REQUIREMENT: Search the entries for the word "with" and pull out each line that has it.

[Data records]
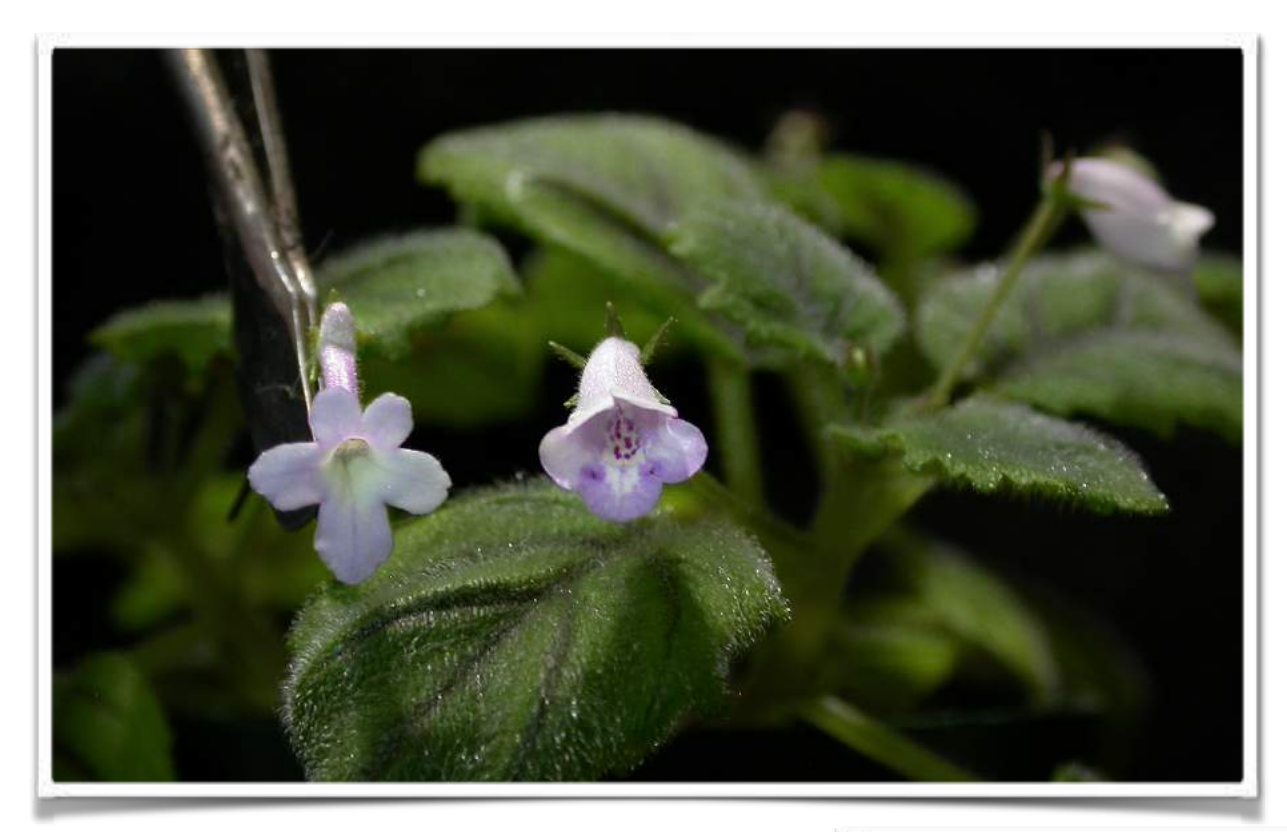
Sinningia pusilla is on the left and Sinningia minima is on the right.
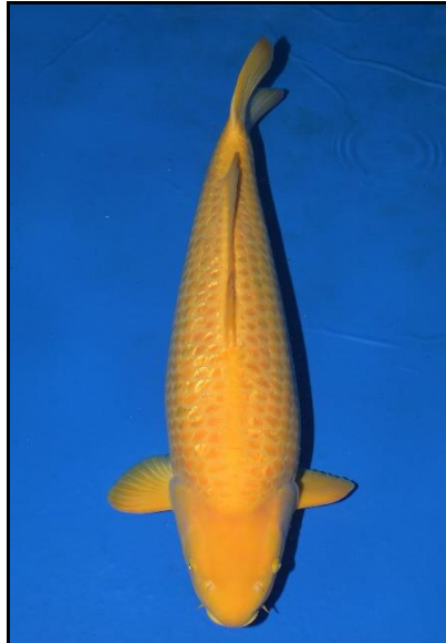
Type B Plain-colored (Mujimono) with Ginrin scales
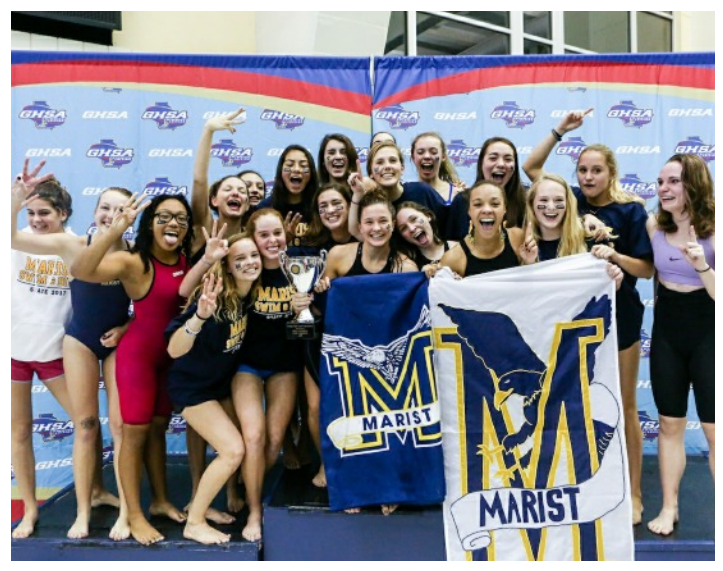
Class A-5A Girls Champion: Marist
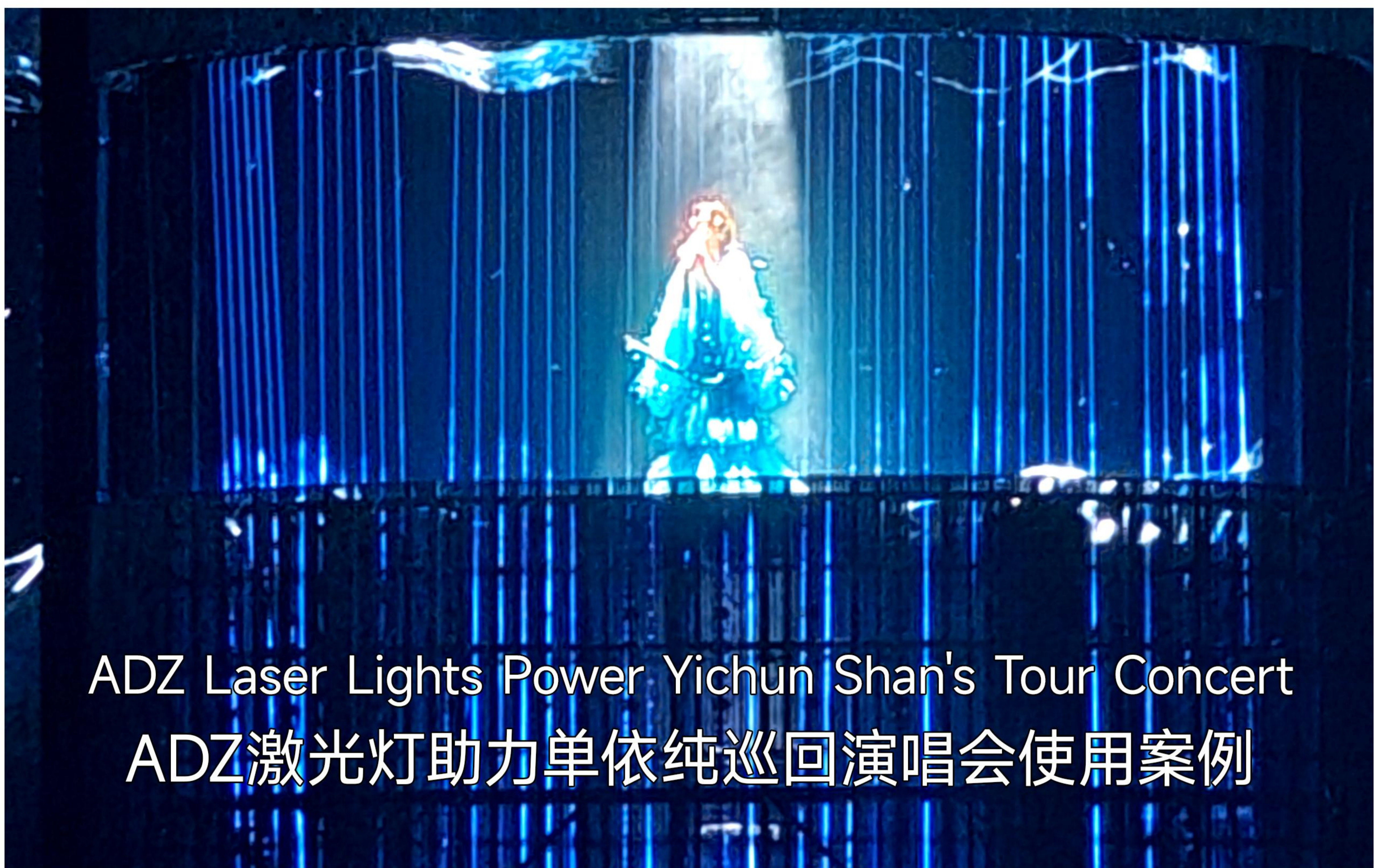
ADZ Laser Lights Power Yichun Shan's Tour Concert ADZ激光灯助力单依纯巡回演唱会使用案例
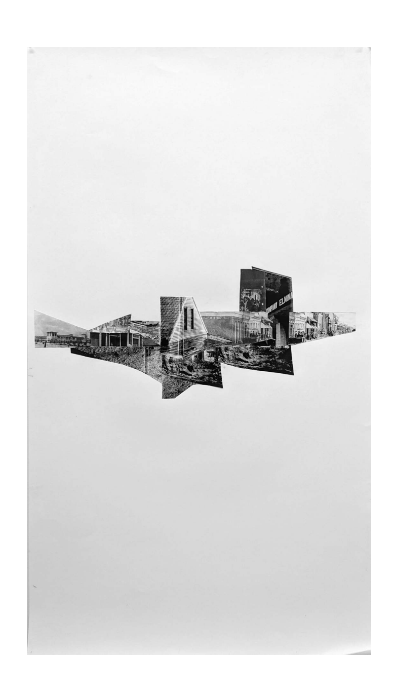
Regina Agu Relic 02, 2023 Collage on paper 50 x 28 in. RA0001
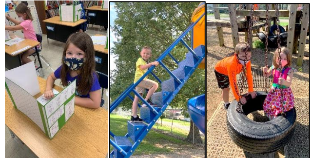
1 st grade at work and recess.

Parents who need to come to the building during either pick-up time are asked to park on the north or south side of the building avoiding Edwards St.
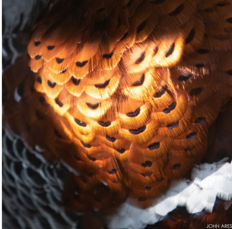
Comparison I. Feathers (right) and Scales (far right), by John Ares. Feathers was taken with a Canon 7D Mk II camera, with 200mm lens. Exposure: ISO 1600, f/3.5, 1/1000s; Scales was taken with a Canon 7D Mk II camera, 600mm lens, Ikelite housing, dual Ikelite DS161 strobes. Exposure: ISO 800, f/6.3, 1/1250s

SOLUTION FOR THIS TASK:
Type B Plain-colored (Mujimono) with Ginrin scales
Comparison I. Feathers (right) and Scales (far right), by John Ares. Feathers was taken with a Canon 7D Mk II camera, with 200mm lens. Exposure: ISO 1600, f/3.5, 1/1000s; Scales was taken with a Canon 7D Mk II camera, 600mm lens, Ikelite housing, dual Ikelite DS161 strobes. Exposure: ISO 800, f/6.3, 1/1250s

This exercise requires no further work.